What happens to the land and water affects us all.

“We are suffering from drought terribly at this place. Half a crop of wheat, and tobacco, and two-thirds a crop of corn are the most we can expect.” — Thomas Jefferson to Martha Jefferson Randolph, August 31, 1815 

For a week now the skies have been overcast, threatening rain. Plump, gray clouds heavy with moisture loom overhead. Instinctively, we reach for our umbrellas before we go outdoors. It seems inconceivable that the heavens will not open and release a torrential downpour. And yet the heavens do not. There is not even a sprinkle. The clouds move on sluggishly to taunt others, and blue skies return.

As we drive through rural Monroe County, Illinois, the air buzzing with the hum of locusts, we pass rows of sweet corn withering on the stalk. Since the spring, the St. Louis area has experienced two brief periods of precipitation, one lasted a few hours, the other a few minutes. Mr. Kruze, a family farmer from nearby Columbia, Illinois, from whom we buy heirloom tomatoes and freestone peaches at the Soulard Farmer’s Market (est. 1779), has not seen a drop. The Kruzes farm some of the best cropland in the valley, the rich, black bottomland beneath the Mississippi River bluffs. From his fields, situated farther west than downtown St. Louis, you can see on a clear day the Gateway Arch to the north.

The Kruzes have been watering their fields daily with Columbia city water, which they purchase by the gallon. Some crops require more care than others. “I’ve got a soaker hose on the tomatoes 24 hours a day,” Mr. Kruze says. Each day the drought drags on his profit margin shrinks. Others are finding creative ways to address the lack of rainfall. Mr. Kruze’s sister, who owns the farm next door, has an old well with water high in nitrates. The water is undrinkable, but it can be salvaged to water root crops like carrots and potatoes.

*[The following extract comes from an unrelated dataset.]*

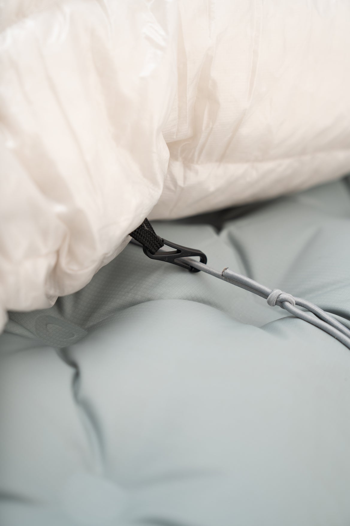 1. Put the 2 pad straps over your sleeping pad, one around where your hip will be and one where your shoulders will be. Ensure the 2 male clips on the strap are facing up.

Those of us with a weak connection to the soil and watersheds scarcely notice the drought, save those suburbanites who have had to run the sprinklers continually to keep their lawns fresh and green (in some subdivisions, a brown lawn can result in a steep fine for homeowners) and have noticed an extra zero on the water bill. Those who work with the land or on the water, however, have felt it profoundly. Soon we will all feel it at the checkout line of our local grocery store. We may think we have lost our connection to farming, but we are deluding ourselves. “Eating is an agricultural act,” the poet Wendell Berry reminds us.

THE DROUGHT HAS slowed commerce on the nearby Mississippi, Illinois, and Missouri rivers as barge operators have had to reduce cargo loads. Every one inch loss of water decreases the carrying capacity of a barge by 17 tons, according to the American Waterways Operators. Some barges have stopped running altogether. Some end up on sandbars stalling river traffic. This too increases costs to farmers.

All of this will mean higher prices for us urban-dwellers. Such things used to be common knowledge, back when we were only one or two generations removed from the land. What happens to the land and water affects us all. This summer we are having to relearn this.

About the Author

Christopher Orlet writes from St. Louis.

Letter to the Editor View all comments (37) |

aware| 8.16.12 @ 6:29AM

Pointless lives of suburbanites is about to get bad and they better learn to like the taste of lawn and shrubbery. Even worse for the urbanites cause they don't even have lawns to munch on. Just each other.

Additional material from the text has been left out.